About this task >>
Leaving pictures aside, set down each line exactly, from the first line of the data to the line with "A new size group", both included.

Source material >>
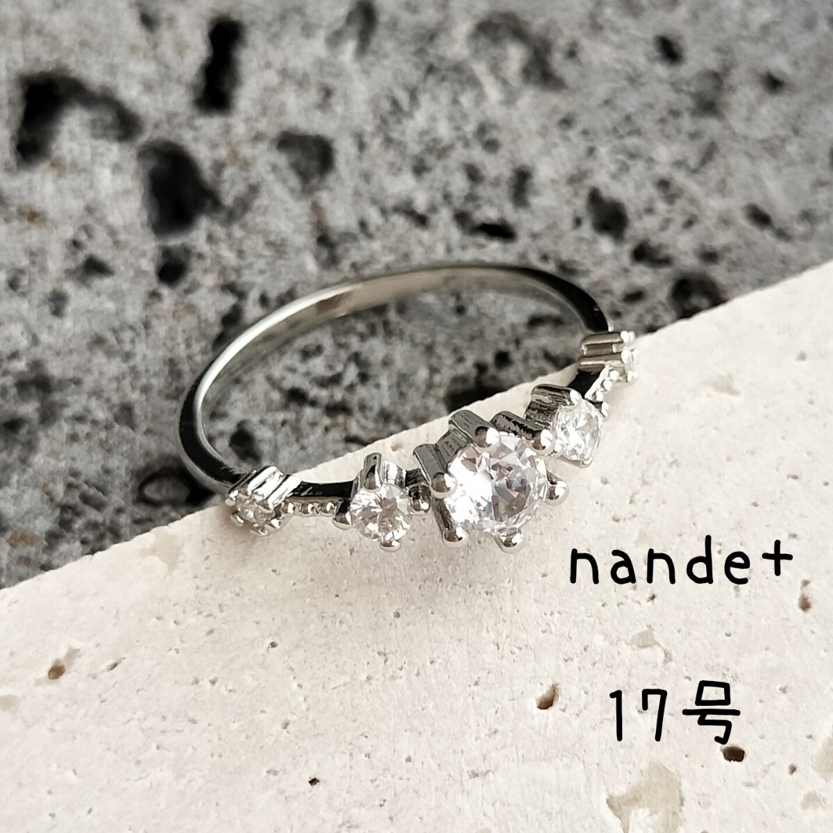 - 17号■華奢リング キュービックジルコニア5粒 指輪 アクセサリー ジュエリー SILVERシルバー
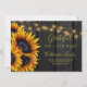 Moderne rustique élégant Thanksgiving famille vacances déménagement carte avec un beau bouquet de tournesols orange or jaune et un script de typographie or chic sur un pays rustique arrière - plan de grange brun foncé avec des lampes à cordes.
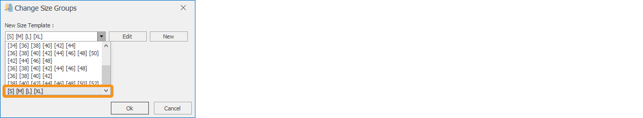 A new size group is selected for the model from the pop-up window. If the desired size group is not listed or if a modification is needed in an existing size group, the Edit option is used to make the necessary changes before selecting the size group.
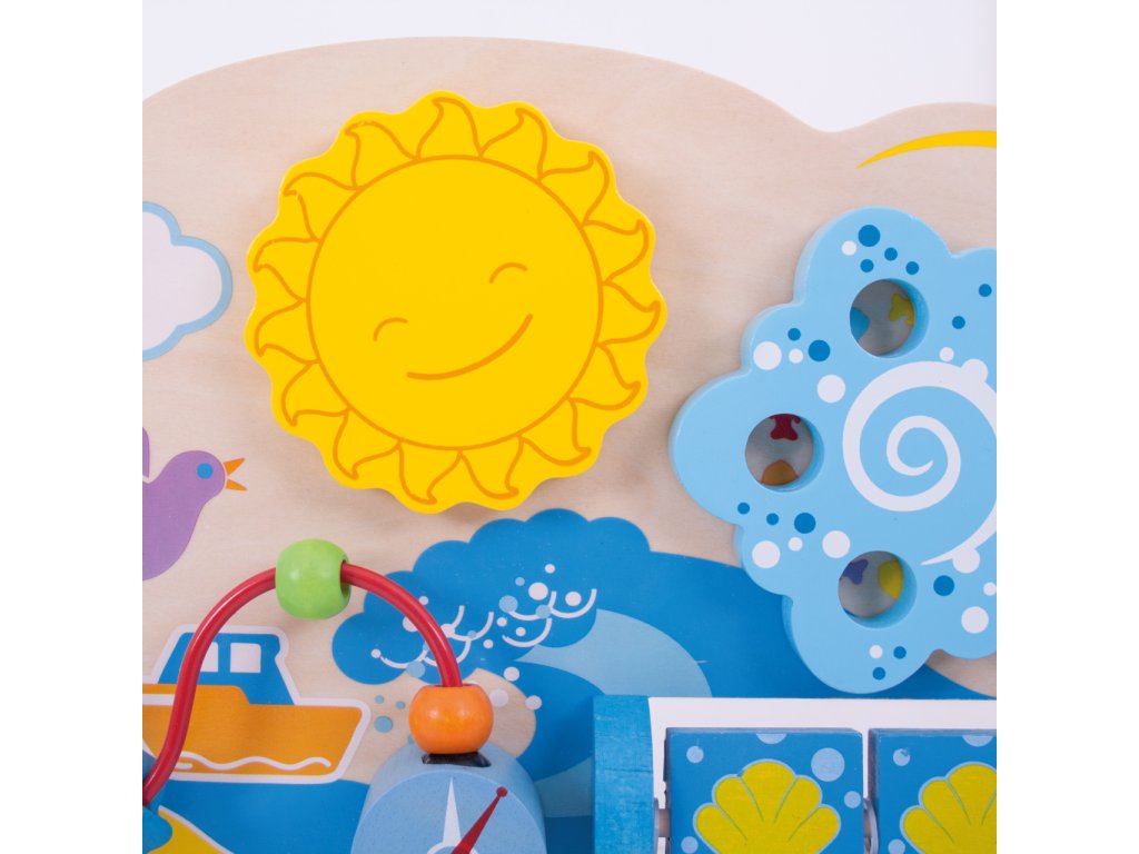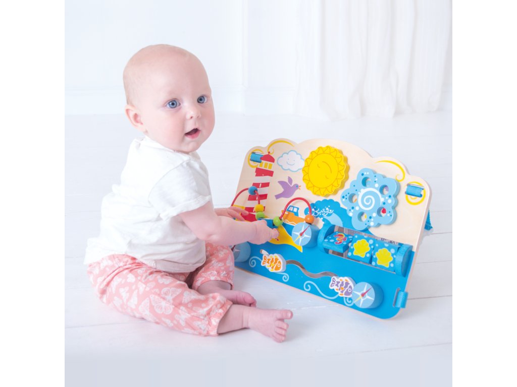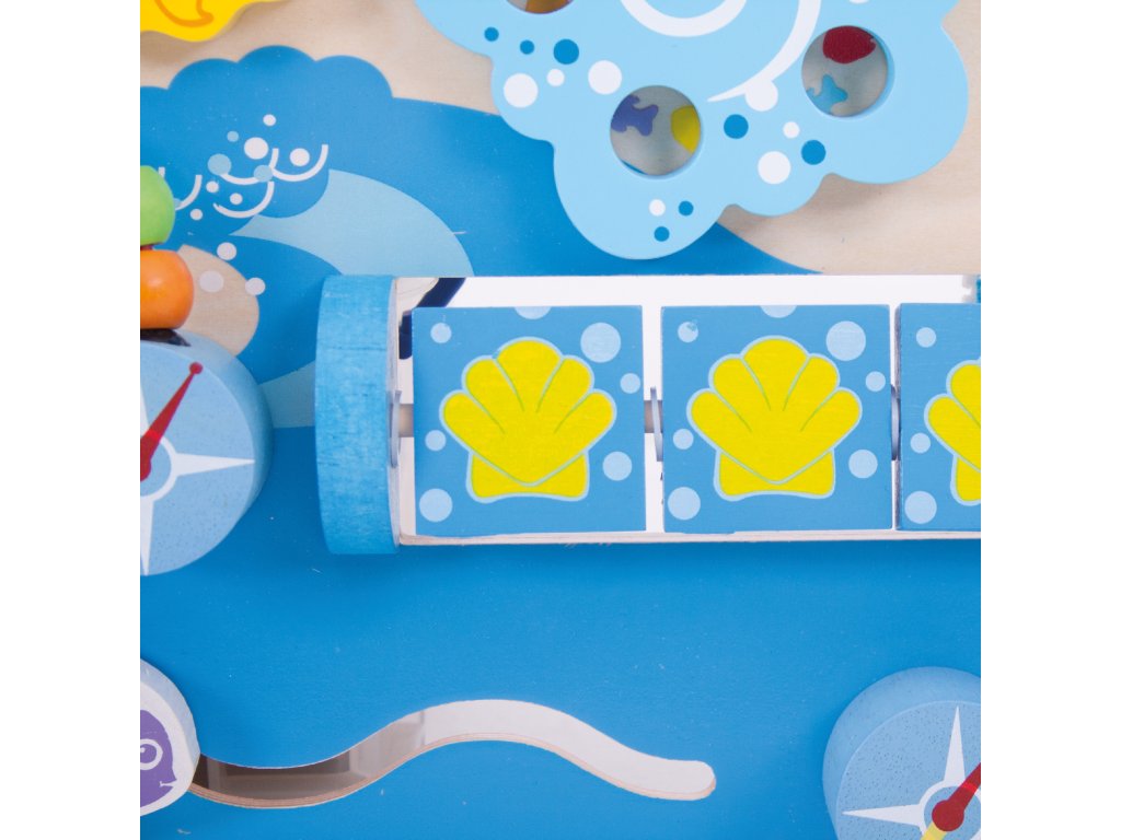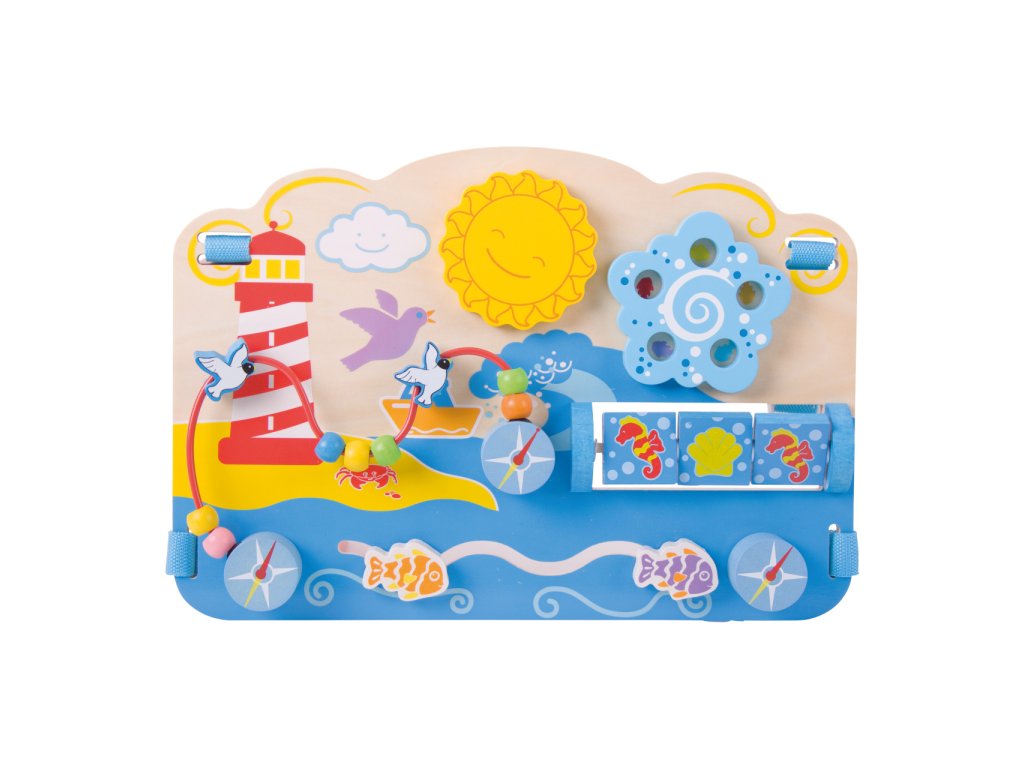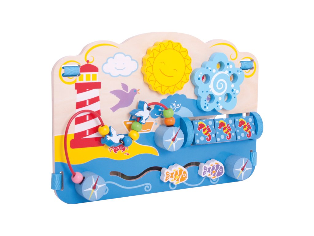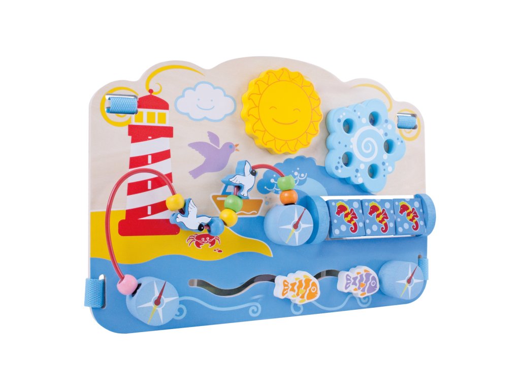 Podpořte zručnost a dovednosti svých ratolestí s pomocí této dřevěné desky s motivem moře! Tato hračka má nastavitelné úchyty a lze ji připevnit i k postýlce. Tato jedinečná dřevěná hračka pro miminko obsahuje otáčející labyrint, otočné mořské koníky a další zábavné prvky. Malé ruce mohou také pomáhat rackům pohybovat se po korálkovém labyrintu nahoru a dolů a také mohou posunovat rybičky. Vyrobeno z vysoce kvalitních, zodpovědně získaných materiálů. Splňuje aktuální evropské bezpečnostní normy. Vhodné od 6 měsíců. Hlavní vlastnosti: podporuje zručnost a smyslové dovednostinabízí řadu různých aktivit určených k zapojení motoriky u nejmenšíchvyrobeno z vysoce kvalitních, zodpovědně získaných materiálů

Exercise response >>
 - 17号■華奢リング キュービックジルコニア5粒 指輪 アクセサリー ジュエリー SILVERシルバー
 Moderne rustique élégant Thanksgiving famille vacances déménagement carte avec un beau bouquet de tournesols orange or jaune et un script de typographie or chic sur un pays rustique arrière - plan de grange brun foncé avec des lampes à cordes.
 A new size group is selected for the model from the pop-up window. If the desired size group is not listed or if a modification is needed in an existing size group, the Edit option is used to make the necessary changes before selecting the size group.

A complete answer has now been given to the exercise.